Wednesday 4 March 2020

Freeman Dyson: 15 December 1923 – 28 February 2020

I only learned of Dyson's passing yesterday, quite by accident. I didn't hear about it through any news service.

In this video, Dyson describes the moment on a Greyhound bus in 1948, when he was struck by lightning (to use a suitably vivid metaphor) which eventually gave rise to a Nobel prize in physics for Feynman, Schwinger and Tomanaga, but not himself.

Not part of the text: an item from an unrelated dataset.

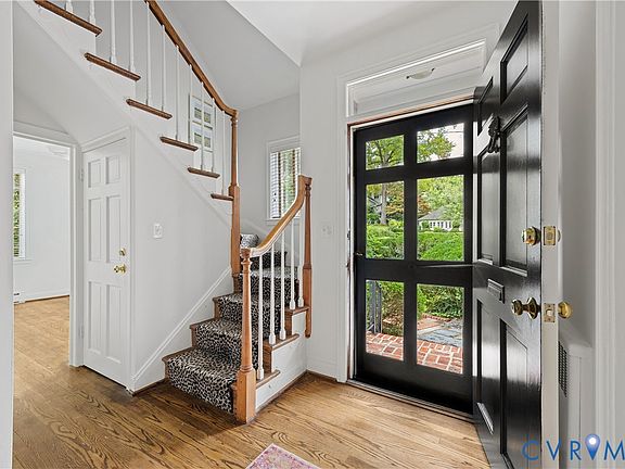 Don't miss the opportunity to own this light-filled home situated on a private, deep lot near the Country Club of Virginia. With 4 bedrooms and 3 full baths, the first floor offers an open and versatile floor plan - ideal for both casual and formal entertaining - with an easy circular flow throughout. The foyer with turned staircase leads to the formal dining room with dentil molding; the living room with gas fireplace has a wide doorway with a transom above and opens to the window-filled family room with gas fireplace + cabinetry & shelving. The updated eat-in kitchen has a 6 burner Wolf range with 2 ovens, Subzero & 3 Fisher-Paykel dishwasher drawers. There is counter seating and a bar area with wine refrigerator, gas fireplace and a desk area with shelving. Option for one floor living with 2 bedrooms and a renovated bath on the first floor. Covered side entry with coat closet leads to the driveway. The second floor has a primary suite with sitting/dressing room & full bath plus additional bedroom with renovated hall bath with a lovely marble and tile shower. A spacious deck overlooks the fenced rear yard. Utility basement with good storage. Front irrigation. Newer A/C units. Minutes from University of Richmond and the shops at Libbie and Grove.

It was the unification of quantum mechanics (QM) with Einstein's special theory of relativity. Unification with the general theory of relativity (GR) still eludes us, and Dyson heretically argues that it may never happen (in another video). Dyson's other significant contribution to physics was to prove (along with Andrew Leonard, in 1967) how the Pauli Exclusion Principle stops you from sinking into everything you touch.

I learned only a year or so ago that Dyson believes that QM is distinct from classical physics, contrary to accepted wisdom. A viewpoint I've long held myself. What's more, Dyson argues that QM can only describe the future and classical physics describes the past. Another view I thought I held alone. In his own words:

What really happens is that the quantum-mechanical description of an event ceases to be meaningful as the observer changes the point of reference from before the event to after it. We do not need a human observer to make quantum mechanics work. All we need is a point of reference, to separate past from future, to separate what has happened from what may happen, to separate facts from probabilities.




Addendum: I came across this excellent obituary in the New York Times.